▶ **Exercise requirements**
Look through the listing below for the line containing "Number of downloads". Copy it and each line after it up to and including the line containing "あどペイントが無事に3年目を迎えることができたのも、赤磐のお客様のお陰です!", exactly, leaving out pictures.

▶ **Source material**
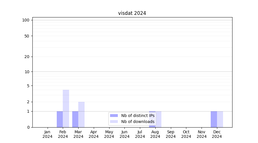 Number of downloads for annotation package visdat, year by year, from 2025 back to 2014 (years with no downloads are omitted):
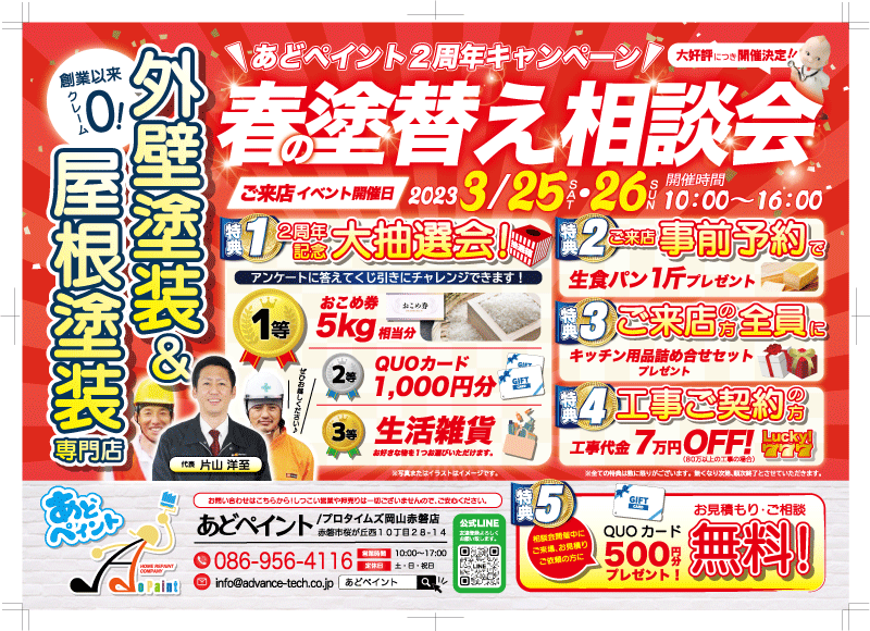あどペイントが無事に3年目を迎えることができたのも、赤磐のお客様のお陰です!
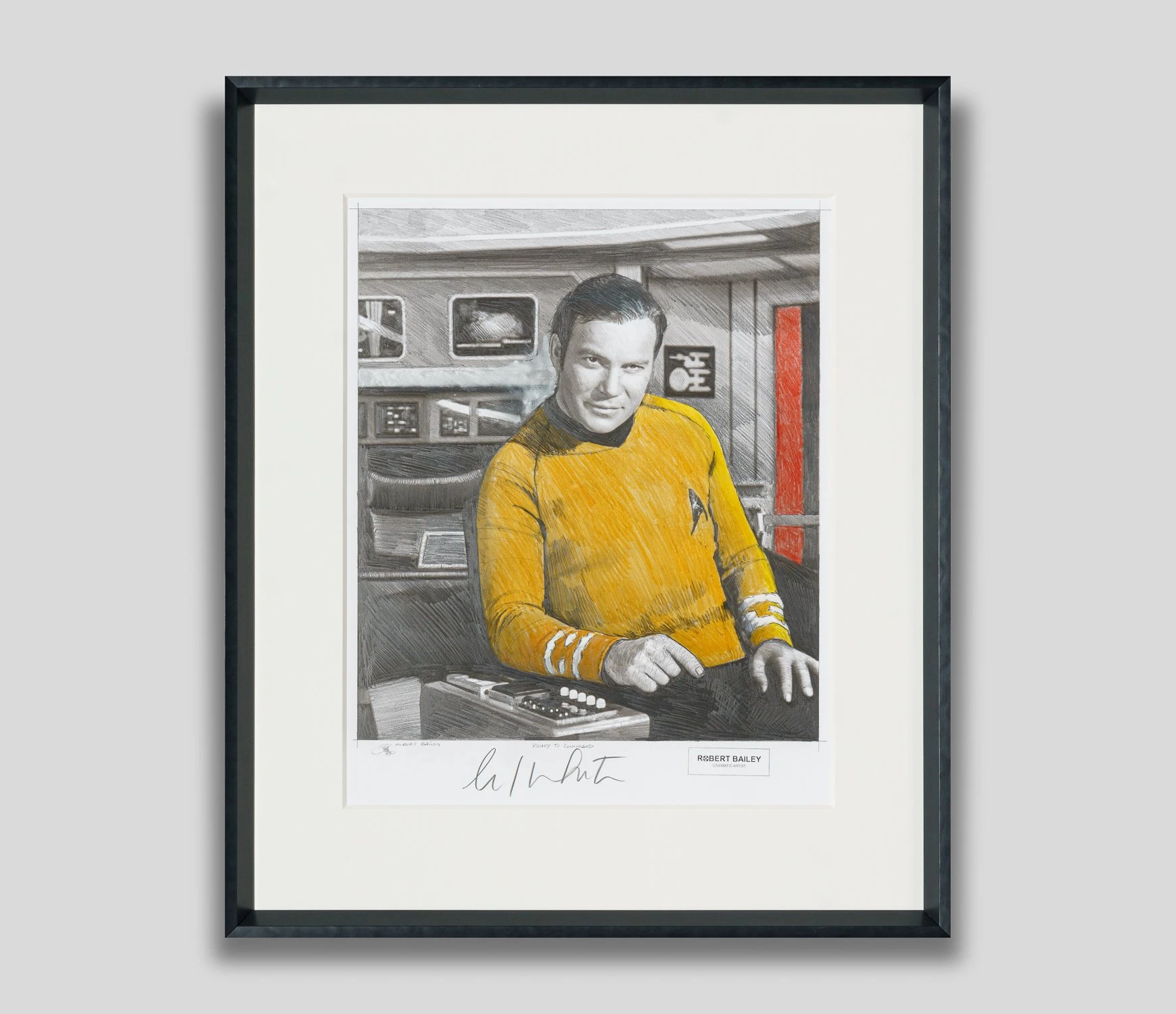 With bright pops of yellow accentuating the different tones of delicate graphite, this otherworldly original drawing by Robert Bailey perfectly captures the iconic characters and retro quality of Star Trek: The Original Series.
---
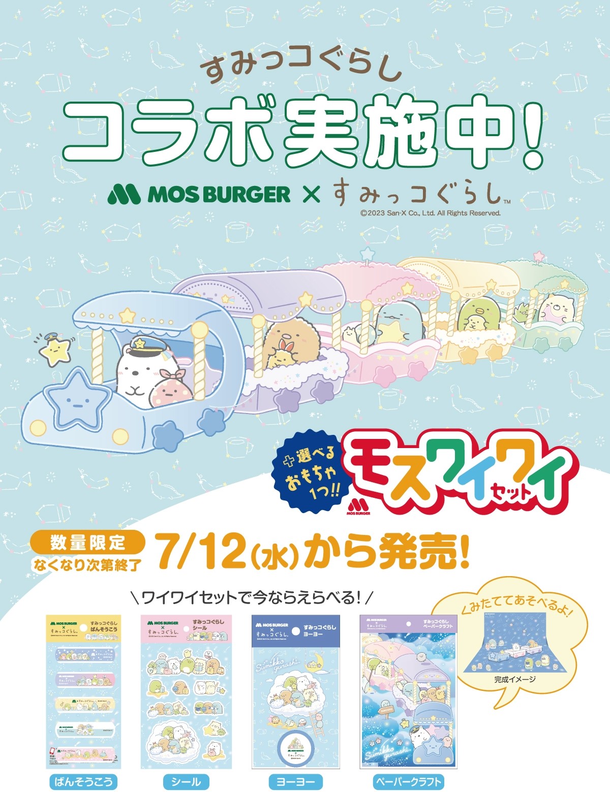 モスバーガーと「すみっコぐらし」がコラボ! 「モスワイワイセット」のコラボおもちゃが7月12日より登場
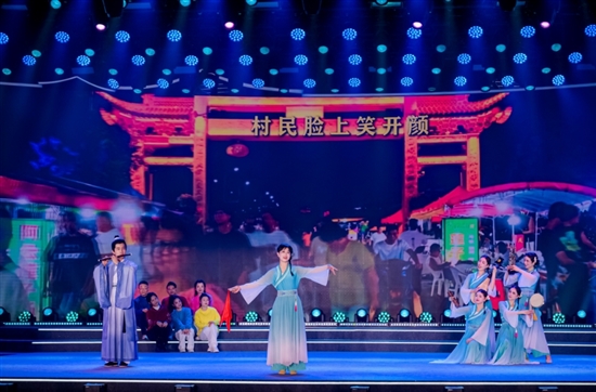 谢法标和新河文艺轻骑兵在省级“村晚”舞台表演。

▶ **Result for this task**
 Number of downloads for annotation package visdat, year by year, from 2025 back to 2014 (years with no downloads are omitted):
あどペイントが無事に3年目を迎えることができたのも、赤磐のお客様のお陰です!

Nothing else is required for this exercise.